Your objective :: Beginning with the first entry, restate the data word for word and leave out the images.

-----

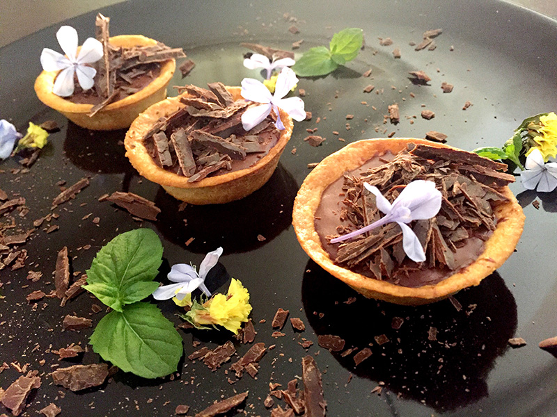 Υλικά Για την τάρτα 100 γρ. ζάχαρη 1 αυγό 300 γρ. αλεύρι για όλες τις χρήσεις 200 γρ. βούτυρο Για την γέμιση σοκολάτας 400 γρ. κρέμα γάλακτος. 250 γρ. κουβερτούρα ΙΟΝ Εκτέλεση Τάρτα Ανακατεύουμε όλα τα υλικά μαζί τρίβοντας τα με τα χέρια, η τοποθετώντας τα στη λεκάνη του mixer και χτυπάμε με φτερό μέχρι να φτιάξουμε μια εύπλαστη ζύμη. Τυλίγουμε την ζύμη σε μεμβράνη και την τοποθετούμε στο ψυγείο να ξεκουραστεί τουλάχιστον για 30'. Τοποθετώ τη ζύμη ανάμεσα σε 2 λαδόκολλες και την ανοίγω. Την κόβω σε τετράγωνα και γεμίζω τα φορμάκια, 6 εκατοστών, αφαιρώντας ότι περισσεύει με το μαχαίρι. Τρυπάω τη ζύμη με ένα πιρούνι βάζω λαδόκολλα και από πάνω βάρος (φασόλια). Ψήνω στους 170 °C για 15'. Όταν τα ταρτάκια μας ψηθούν τα αφήνουμε να κρυώσουν λίγο και τα ξεφορμάρουμε. Γέμιση σοκολάτας Ζεσταίνω την κρέμα σε ένα κατσαρολάκι. Ψιλοκόβω την κουβερτούρα ΙΟΝ και την ανακατεύω με την κρέμα γάλακτος. Βάζω την δεύτερη κρέμα γάλακτος στο mixer και την χτυπάω μέχρι να γίνει σαντιγί. Την προσθέτω στο μείγμα και ομογενοποιώ. Γεμίζω τα ταρτάκια και τα τοποθετώ στο ψυγείο τουλάχιστον για μια ώρα. Συναρμολόγηση Βάζουμε τα ταρτάκια μας σε ένα πιάτο . Ψιλοκόβουμε κουβερτούρα ΙΟΝ και τα πασπαλίζουμε . Τα στολίζουμε με λουλούδια και μέντα . Πηγή: https://www.ionsweets.gr/
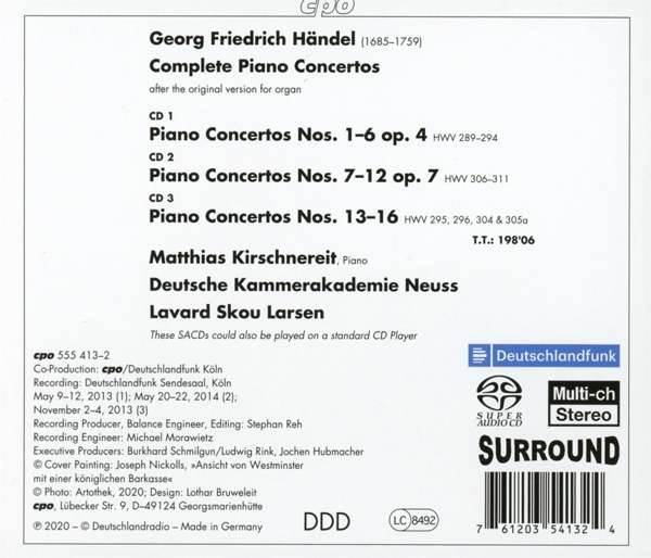 HANDEL:COMPLETE PIANO CONCERTOS NO.1-16/KIRSCHNEREIT 3CD iz kategorije klasika in slovenska narodna sodi med odlične cd.
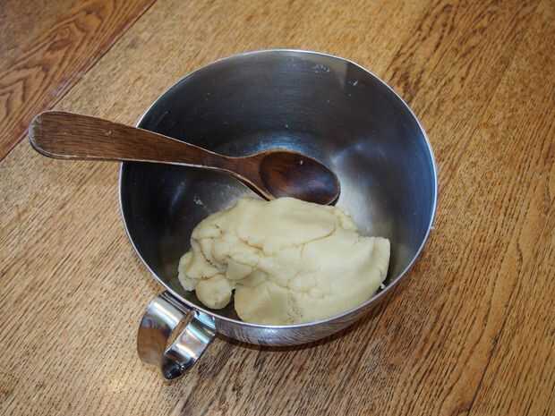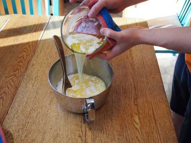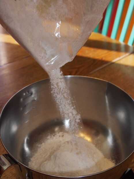 5. Retire el recipiente del horno y vierta en el vaso de harina
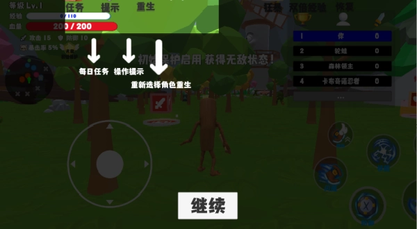 我们还能查看左上方的每日任务和操作提示,也可以选择重生,重生后能够重新选择角色。
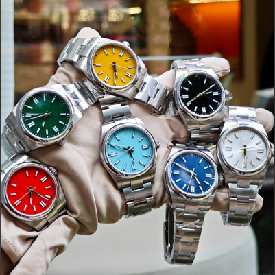 Reloj de pulsera de moda con correa de acero inoxidable ETA de oro amarillo de 41mm de alta calidad para hombre minimalista con logotipo personalizado
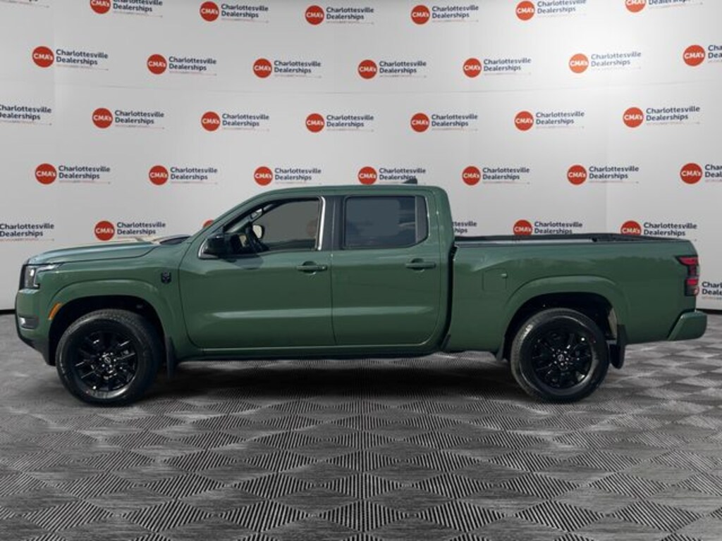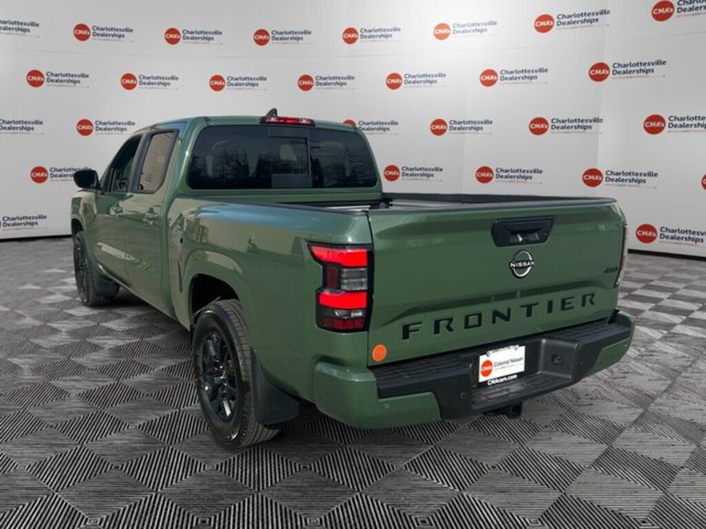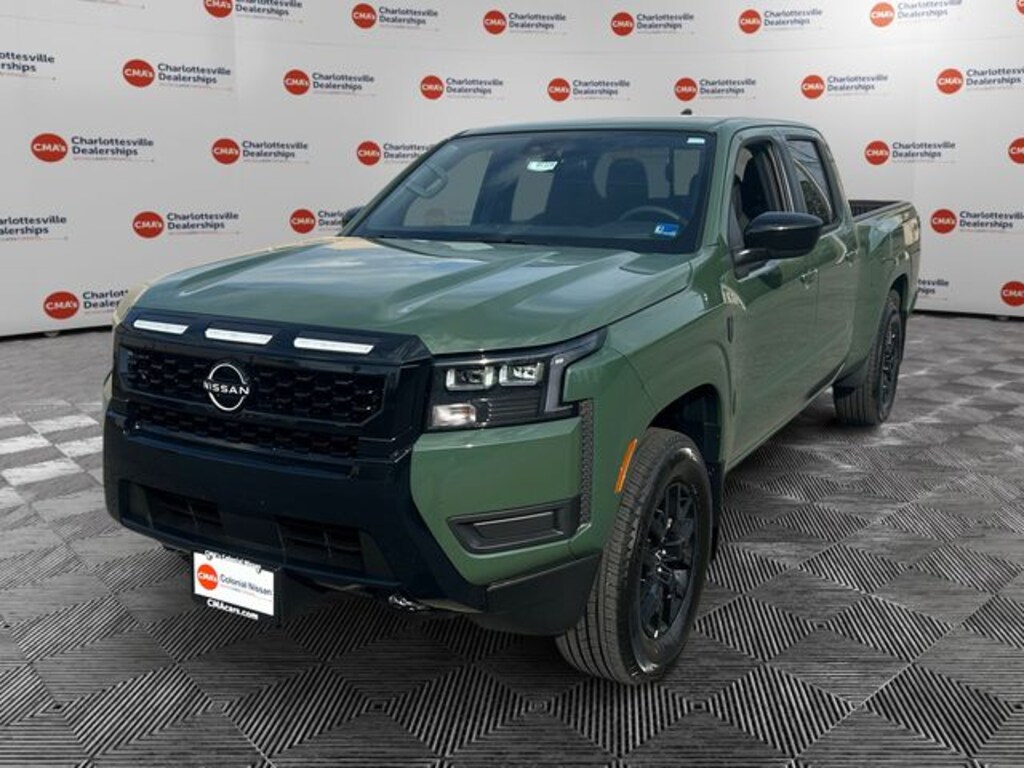 Tactical Green Metallic 2026 Nissan Frontier SV 4WD 9-Speed Automatic with Overdrive 3.8L DI DOHC 24V V6 4WD, 120V Power Outlet in Bed, 120V Power Outlet in Rear Center Console, 17" Alloy Wheels, 3.692 Axle Ratio, 4-Wheel Disc Brakes, 6 Speakers, ABS brakes, Air Conditioning, Alloy wheels, AM/FM radio: SiriusXM, Anti-whiplash front head restraints, Auto High-beam Headlights, Black Tailgate Logo Insert, Blind Spot Warning, Brake assist, Bumpers: body-color, Carpeted Floor Mats, Dark Armor Package, Dark FRONTIER Tailgate Lettering, Dark Grille Surround/Mesh/Inner Fascia, Dark Mirror Caps, Delay-off headlights, Driver door bin, Driver vanity mirror, Dual front impact airbags, Dual front side impact airbags, Electronic Stability Control, Electronic Tailgate Lock, Emergency communication system, Front anti-roll bar, Front Bucket Seats, Front Center Armrest, Front reading lights, Front wheel independent suspension, Fully automatic headlights, Grille Accent Lighting, Heated door mirrors, Heated Front Seats, Heated Leather Steering Wheel, Heated Outside Mirrors, HVAC Dual-Zone Front Auto a/C, I-Key with Request Switches on O/S Handles, Illuminated entry, Knee airbag, Locking Glove Box, Low tire pressure warning, Occupant sensing airbag, Overhead airbag, Overhead console, Panic alarm, Passenger door bin, Passenger vanity mirror, Power door mirrors, Power driver seat, Power steering, Power windows, Premium Cloth Seat Trim, Premium Paint, Radio data system, Radio: SiriusXM/AM/FM/Auxiliary/USB Audio System, Rear anti-roll bar, Rear seat center armrest, Rear side impact airbag, Rear step bumper, Remote Engine Starter, Remote keyless entry, Security system, Speed control, Speed-sensing steering, Splash Guards, Split folding rear seat, Spray-in Bedliner, Steering wheel mounted audio controls, SV Convenience Package, Tachometer, Telescoping steering wheel, Tilt steering wheel, Tow Package, Tow/Haul Mode Switch, Traction control, Trailer Hitch with Wiring Harness, Trip computer, Variably intermittent wipers, Voltmeter, Wheels: 17" Dark, Wireless Apple CarPlay/Wireless Android Auto, 4WD.
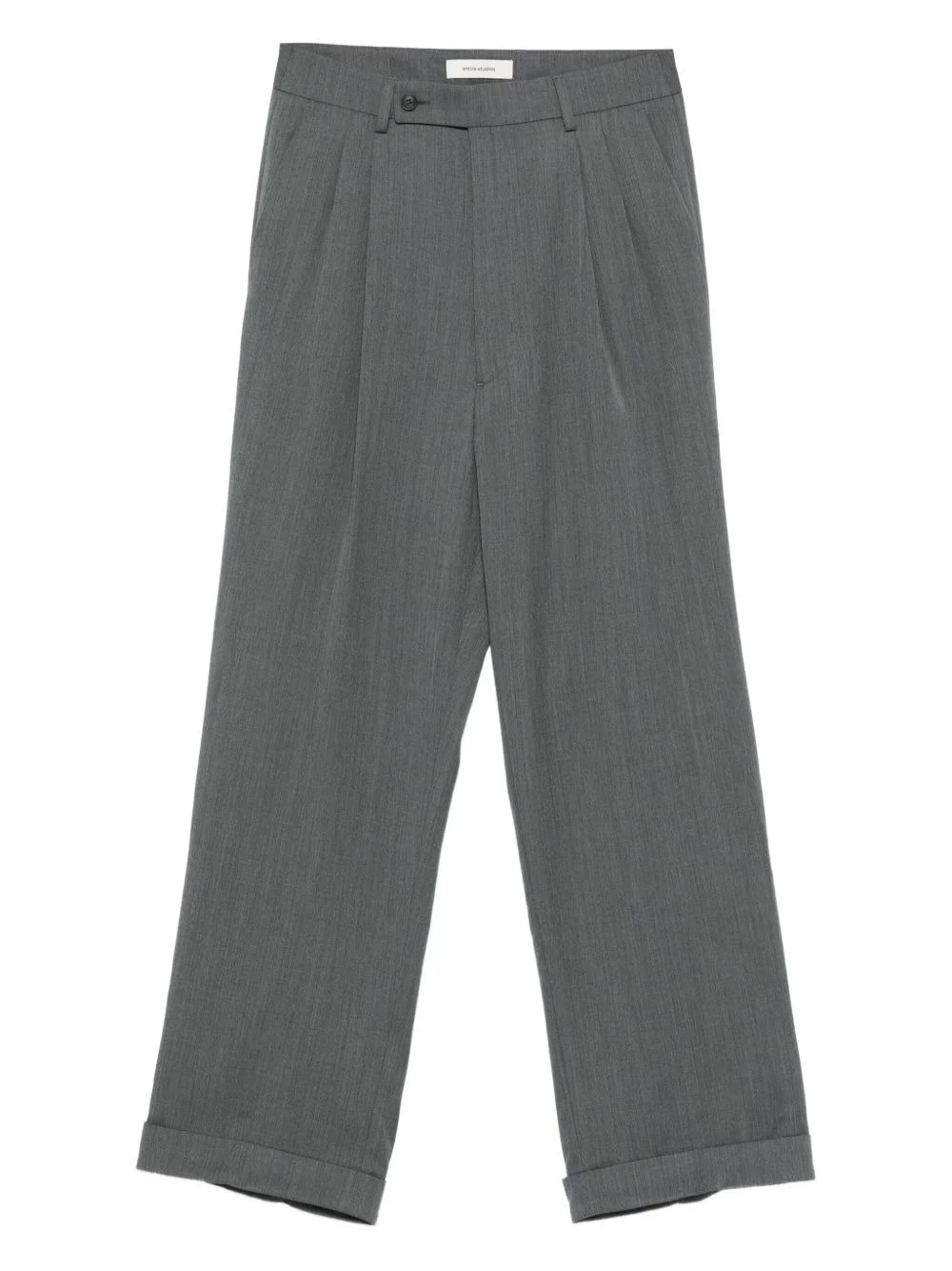 wool trousers Highlights - Grey - Pleated - Button fastening - Concealed fly Imported Composition Wool 100% SIZE & FIT Model measurements Height 5 ft 11 in(1.8 m) Bust/Chest 30.7 in(78 cm) Hips 35.23 in(89.5 cm) Waist 25.19 in(64 cm) Washing instructions Read Manufacturer Guidelines
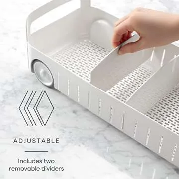 YouCopia RollOut Caddy Rolling Storage Bin with 2 Adjustable Dividers and Removable Basket for Kitchen and Bathroom Under Sink Organization, 8" Wide, White
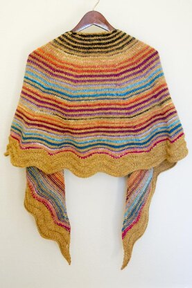 This is a semicircular shawl that utilizes yarnovers along the edge on every row to create a longer wingspan. It is worked with a solid yarn for the master color (MC) and a long strand variegated yarn for the contrasting color (CC) but would also look great using two solid colored yarns.
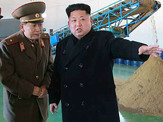 金正恩日前视察鱼饲料厂,笑称心情大好。(资料图片)
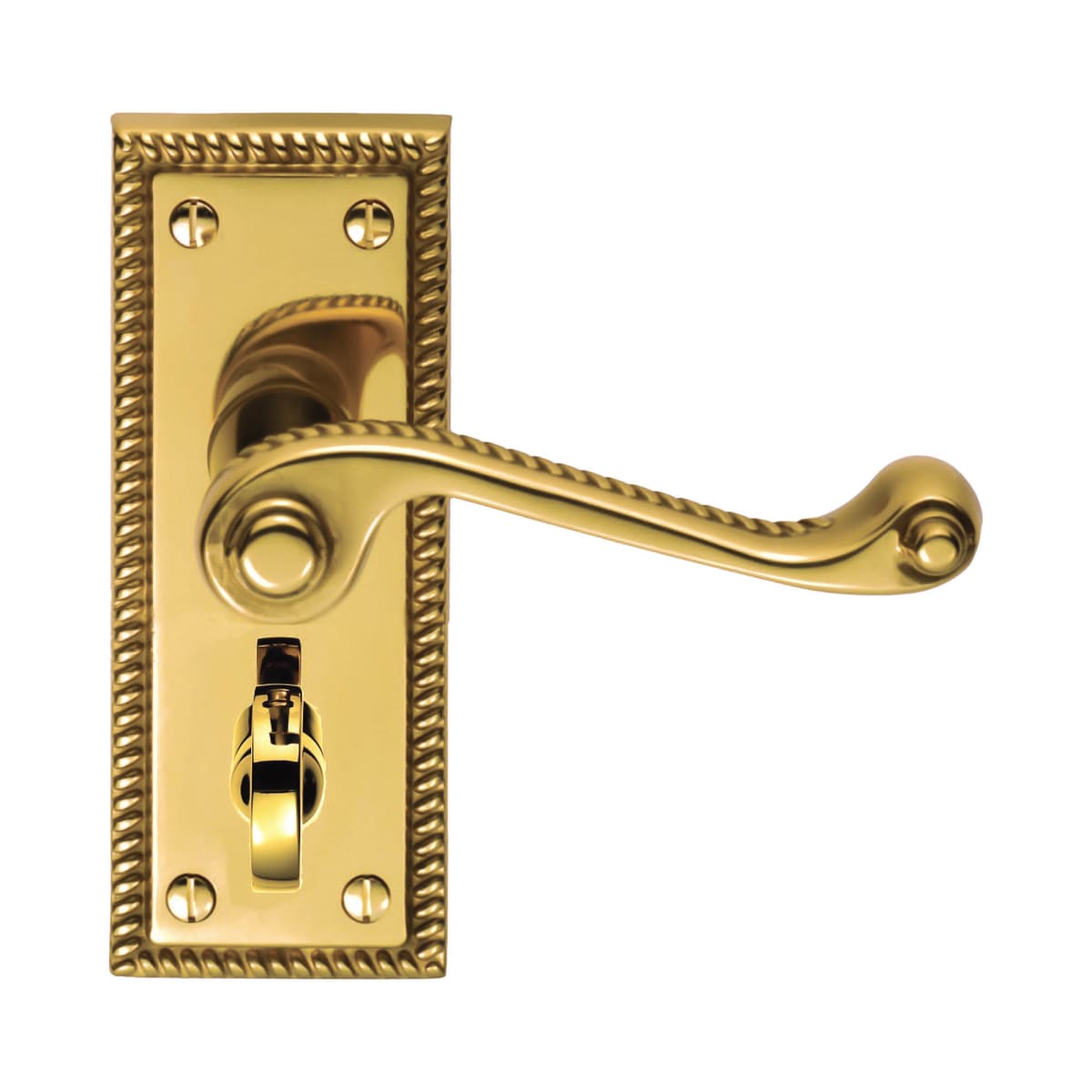 Carlisle Brass Georgian Lever on Privacy Backplate 112 x 48 x 10mm (H x W x T) Polished Brass has four face fixing points for an easy fitting. It is the straight lever on a rectangular backplate with end inserts top and bottom emphasizing the polished brass finish. The classic scroll lever set is built-in with the traditional georgian rope design adorning the perimeter the top of the lever. The smooth rounded lever is narrowing slightly in the middle for an easy grip. The product is fire door rated.

-----

Result for this task ::
 Υλικά Για την τάρτα 100 γρ. ζάχαρη 1 αυγό 300 γρ. αλεύρι για όλες τις χρήσεις 200 γρ. βούτυρο Για την γέμιση σοκολάτας 400 γρ. κρέμα γάλακτος. 250 γρ. κουβερτούρα ΙΟΝ Εκτέλεση Τάρτα Ανακατεύουμε όλα τα υλικά μαζί τρίβοντας τα με τα χέρια, η τοποθετώντας τα στη λεκάνη του mixer και χτυπάμε με φτερό μέχρι να φτιάξουμε μια εύπλαστη ζύμη. Τυλίγουμε την ζύμη σε μεμβράνη και την τοποθετούμε στο ψυγείο να ξεκουραστεί τουλάχιστον για 30'. Τοποθετώ τη ζύμη ανάμεσα σε 2 λαδόκολλες και την ανοίγω. Την κόβω σε τετράγωνα και γεμίζω τα φορμάκια, 6 εκατοστών, αφαιρώντας ότι περισσεύει με το μαχαίρι. Τρυπάω τη ζύμη με ένα πιρούνι βάζω λαδόκολλα και από πάνω βάρος (φασόλια). Ψήνω στους 170 °C για 15'. Όταν τα ταρτάκια μας ψηθούν τα αφήνουμε να κρυώσουν λίγο και τα ξεφορμάρουμε. Γέμιση σοκολάτας Ζεσταίνω την κρέμα σε ένα κατσαρολάκι. Ψιλοκόβω την κουβερτούρα ΙΟΝ και την ανακατεύω με την κρέμα γάλακτος. Βάζω την δεύτερη κρέμα γάλακτος στο mixer και την χτυπάω μέχρι να γίνει σαντιγί. Την προσθέτω στο μείγμα και ομογενοποιώ. Γεμίζω τα ταρτάκια και τα τοποθετώ στο ψυγείο τουλάχιστον για μια ώρα. Συναρμολόγηση Βάζουμε τα ταρτάκια μας σε ένα πιάτο . Ψιλοκόβουμε κουβερτούρα ΙΟΝ και τα πασπαλίζουμε . Τα στολίζουμε με λουλούδια και μέντα . Πηγή: https://www.ionsweets.gr/
 HANDEL:COMPLETE PIANO CONCERTOS NO.1-16/KIRSCHNEREIT 3CD iz kategorije klasika in slovenska narodna sodi med odlične cd.
 5. Retire el recipiente del horno y vierta en el vaso de harina
 我们还能查看左上方的每日任务和操作提示,也可以选择重生,重生后能够重新选择角色。
 Reloj de pulsera de moda con correa de acero inoxidable ETA de oro amarillo de 41mm de alta calidad para hombre minimalista con logotipo personalizado
 Tactical Green Metallic 2026 Nissan Frontier SV 4WD 9-Speed Automatic with Overdrive 3.8L DI DOHC 24V V6 4WD, 120V Power Outlet in Bed, 120V Power Outlet in Rear Center Console, 17" Alloy Wheels, 3.692 Axle Ratio, 4-Wheel Disc Brakes, 6 Speakers, ABS brakes, Air Conditioning, Alloy wheels, AM/FM radio: SiriusXM, Anti-whiplash front head restraints, Auto High-beam Headlights, Black Tailgate Logo Insert, Blind Spot Warning, Brake assist, Bumpers: body-color, Carpeted Floor Mats, Dark Armor Package, Dark FRONTIER Tailgate Lettering, Dark Grille Surround/Mesh/Inner Fascia, Dark Mirror Caps, Delay-off headlights, Driver door bin, Driver vanity mirror, Dual front impact airbags, Dual front side impact airbags, Electronic Stability Control, Electronic Tailgate Lock, Emergency communication system, Front anti-roll bar, Front Bucket Seats, Front Center Armrest, Front reading lights, Front wheel independent suspension, Fully automatic headlights, Grille Accent Lighting, Heated door mirrors, Heated Front Seats, Heated Leather Steering Wheel, Heated Outside Mirrors, HVAC Dual-Zone Front Auto a/C, I-Key with Request Switches on O/S Handles, Illuminated entry, Knee airbag, Locking Glove Box, Low tire pressure warning, Occupant sensing airbag, Overhead airbag, Overhead console, Panic alarm, Passenger door bin, Passenger vanity mirror, Power door mirrors, Power driver seat, Power steering, Power windows, Premium Cloth Seat Trim, Premium Paint, Radio data system, Radio: SiriusXM/AM/FM/Auxiliary/USB Audio System, Rear anti-roll bar, Rear seat center armrest, Rear side impact airbag, Rear step bumper, Remote Engine Starter, Remote keyless entry, Security system, Speed control, Speed-sensing steering, Splash Guards, Split folding rear seat, Spray-in Bedliner, Steering wheel mounted audio controls, SV Convenience Package, Tachometer, Telescoping steering wheel, Tilt steering wheel, Tow Package, Tow/Haul Mode Switch, Traction control, Trailer Hitch with Wiring Harness, Trip computer, Variably intermittent wipers, Voltmeter, Wheels: 17" Dark, Wireless Apple CarPlay/Wireless Android Auto, 4WD.
 wool trousers Highlights - Grey - Pleated - Button fastening - Concealed fly Imported Composition Wool 100% SIZE & FIT Model measurements Height 5 ft 11 in(1.8 m) Bust/Chest 30.7 in(78 cm) Hips 35.23 in(89.5 cm) Waist 25.19 in(64 cm) Washing instructions Read Manufacturer Guidelines
 YouCopia RollOut Caddy Rolling Storage Bin with 2 Adjustable Dividers and Removable Basket for Kitchen and Bathroom Under Sink Organization, 8" Wide, White
 This is a semicircular shawl that utilizes yarnovers along the edge on every row to create a longer wingspan. It is worked with a solid yarn for the master color (MC) and a long strand variegated yarn for the contrasting color (CC) but would also look great using two solid colored yarns.
 金正恩日前视察鱼饲料厂,笑称心情大好。(资料图片)
 Carlisle Brass Georgian Lever on Privacy Backplate 112 x 48 x 10mm (H x W x T) Polished Brass has four face fixing points for an easy fitting. It is the straight lever on a rectangular backplate with end inserts top and bottom emphasizing the polished brass finish. The classic scroll lever set is built-in with the traditional georgian rope design adorning the perimeter the top of the lever. The smooth rounded lever is narrowing slightly in the middle for an easy grip. The product is fire door rated.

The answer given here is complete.